Dopo essere risultato positivo a un controllo antidoping, il capitano del Benevento Calcio è stato squalificato per un anno.
La difesa del calciatore si è imperniata, senza risultato, sulla non conoscenza della sostanza utilizzata, fatto confermato dallo stesso medico sociale.
Per capire la ratio di questa motivazione è necessario valutare le differenze tra giustizia penale e quella sportiva.

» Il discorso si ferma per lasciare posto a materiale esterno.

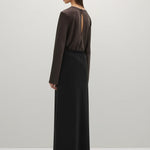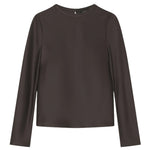 A Emery Arden Top in Umber. The Arden Top is a long sleeve top crafted from Japanese triacetate and cut on the bias to drape effortlessly on the body. A back slit detail elevates this style with a single button closure at the nape of the neck.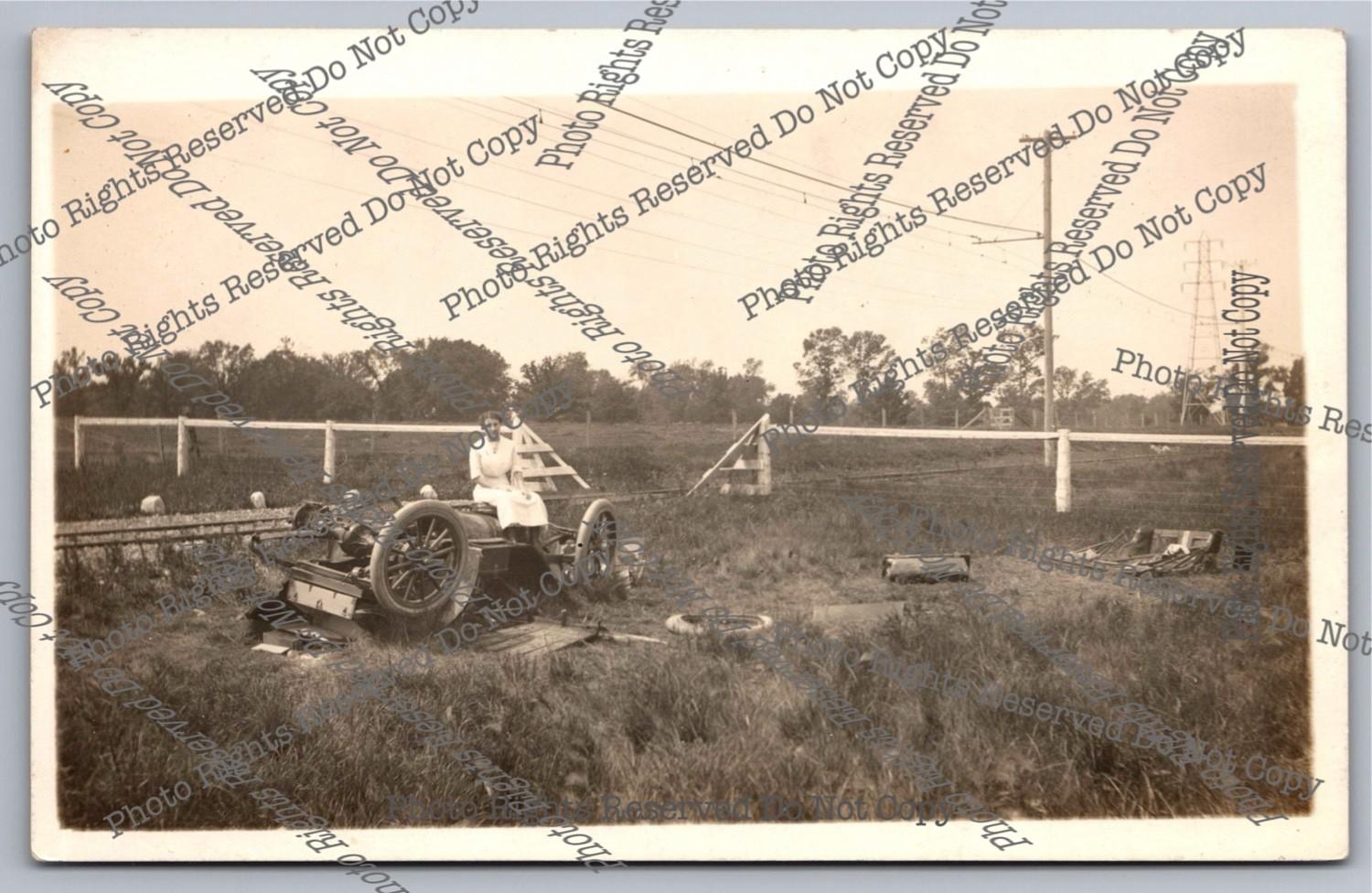 Antique RPPC Woman Sits Car Wreck Train Collision? Real Photo Postcard 2 of 2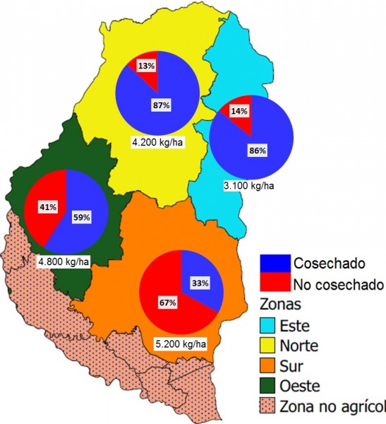 En la Figura 1 se puede apreciar el grado de avance por zona y el rendimiento promedio obtenido.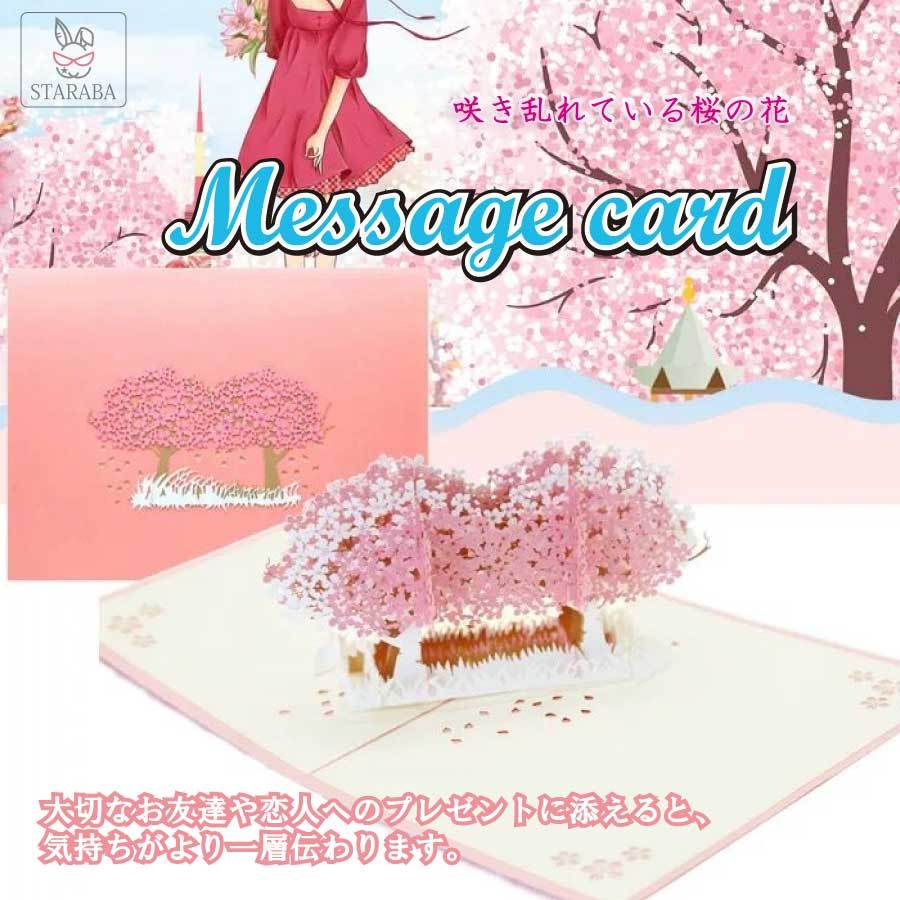 桜 グリーティングカード メッセージカード 誕生日カード 春 入学 チェリーブロッサム 3D 立体 ポップアップカード お祝い 誕生日 封筒付き メール便 送料無料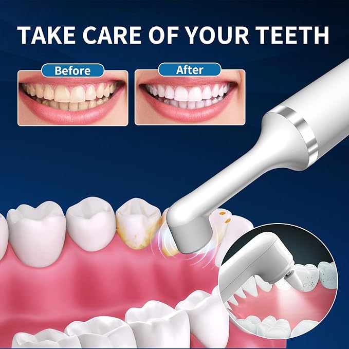 - Five Multi-Functional Brush Heads: Silicone rub head and Flattop brush head remove dirt and calculus from the surface of teeth and are suitable for daily care and cleaning. It is equipped with five different replacement heads that provide various functions and effects. Polishing cup head smooth and polish the surface of your teeth to make them more polished and brighter. Pointed brush head and Umbrella polishing cup head remove residue and food debris between teeth.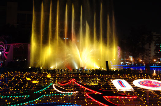 臺(tái)中公園點(diǎn)燈,燦美炫目的水舞令民眾驚嘆。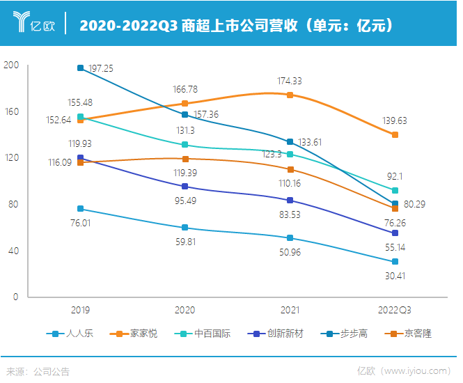 同花順iFinD數(shù)據(jù)顯示,2019-2021年及2022年1-9月,步步高、中百國際、人人樂、創(chuàng)新新材(原華聯(lián)綜超)等商超的營收均呈現(xiàn)連年下滑趨勢。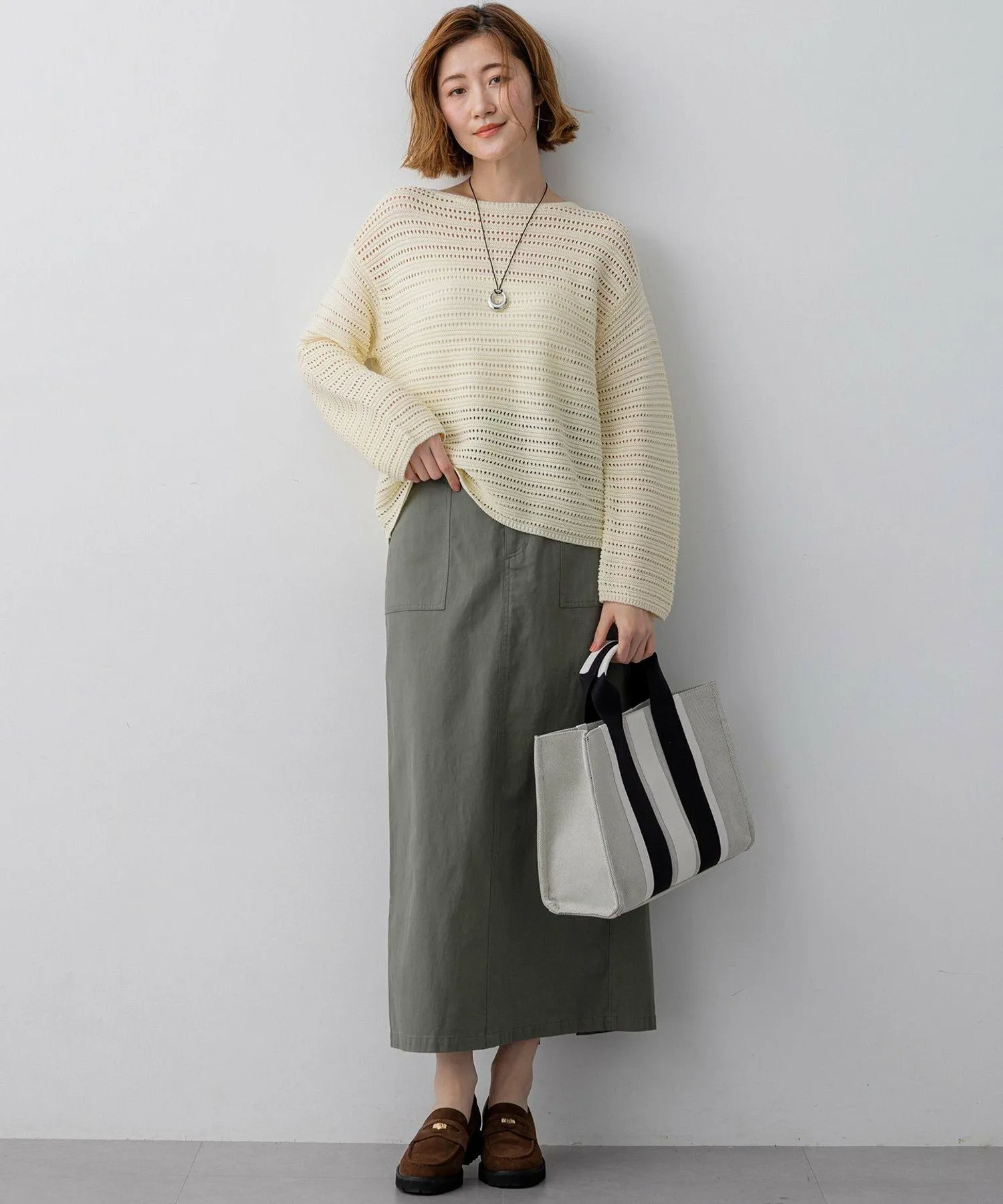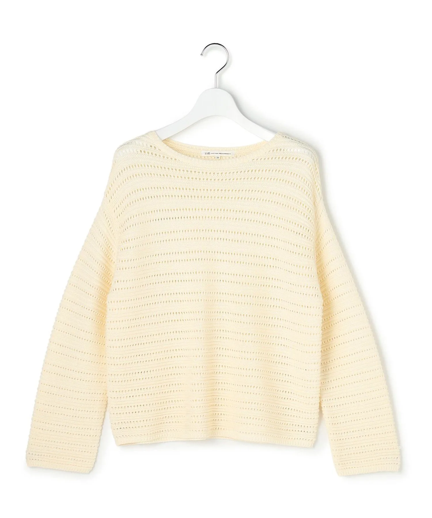 Этот трикотажный свитер с вырезом-лодочкой имеет легкий трикотажный узор, подчеркнутый ажурными элементами и естественным блеском. Изысканный крой обеспечивает достаточно свободы движений для создания обтекаемого силуэта, формируя утонченный, элегантный повседневный стиль. Носите его отдельно или сочетайте с рубашкой или топом для создания изысканного, утонченного образа. Доступен в четырех цветах: чистый белый (#001), элегантный и комфортный бежевый (#033), изысканный темно-синий (#075) и светло-желтый (#042) для более яркого образа.

In ambito penale bisogna fare riferimento all’art. 9 della legge 376/2000, secondo cui «è punito con la reclusione da tre mesi a tre anni chiunque procura ad altri, somministra, assume o favorisce comunque l’utilizzo di farmaci o di sostanze, che non siano giustificate da condizioni patologiche e siano idonee a modificare le condizioni psicofisiche o biologiche dell’organismo».
In ambito sportivo non vi è una vera e propria definizione ma il CONI, il quale recepisce completamente le disposizioni antidoping dell’organo internazionale WADA, stabilisce che il doping sia semplicemente la violazione delle regole antidoping, prevedendo che il soggetto sia punibile per l’oggettiva presenza della sostanza proibita nel suo organismo.

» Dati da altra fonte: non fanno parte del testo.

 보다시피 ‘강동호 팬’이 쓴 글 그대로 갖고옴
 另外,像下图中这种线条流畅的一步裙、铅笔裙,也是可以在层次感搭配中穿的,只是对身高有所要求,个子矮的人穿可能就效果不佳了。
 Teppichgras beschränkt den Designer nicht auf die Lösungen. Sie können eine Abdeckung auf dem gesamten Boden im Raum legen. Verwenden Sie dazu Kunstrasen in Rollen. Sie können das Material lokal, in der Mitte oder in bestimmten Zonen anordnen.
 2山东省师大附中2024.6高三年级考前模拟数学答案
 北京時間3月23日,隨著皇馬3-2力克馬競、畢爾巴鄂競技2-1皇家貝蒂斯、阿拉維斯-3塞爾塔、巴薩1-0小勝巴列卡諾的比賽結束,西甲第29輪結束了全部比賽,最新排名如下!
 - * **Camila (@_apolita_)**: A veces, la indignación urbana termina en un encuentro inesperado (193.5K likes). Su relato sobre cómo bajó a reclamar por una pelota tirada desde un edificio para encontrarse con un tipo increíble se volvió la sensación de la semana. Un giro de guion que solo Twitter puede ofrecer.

È facile evincere come in quest’ultimo caso vi sia dunque una vera e propria responsabilità oggettiva, a differenza dell’ambito penale in cui è invece richiesto l’elemento soggettivo del dolo specifico.
Alla luce di ciò la condanna sportiva è ineluttabile ma non è privo di logica condannare un soggetto inconsapevole di quello che assume? Il doping di Stato della Germania dell’Est sembra aver condotto il WADA da un eccesso all’altro.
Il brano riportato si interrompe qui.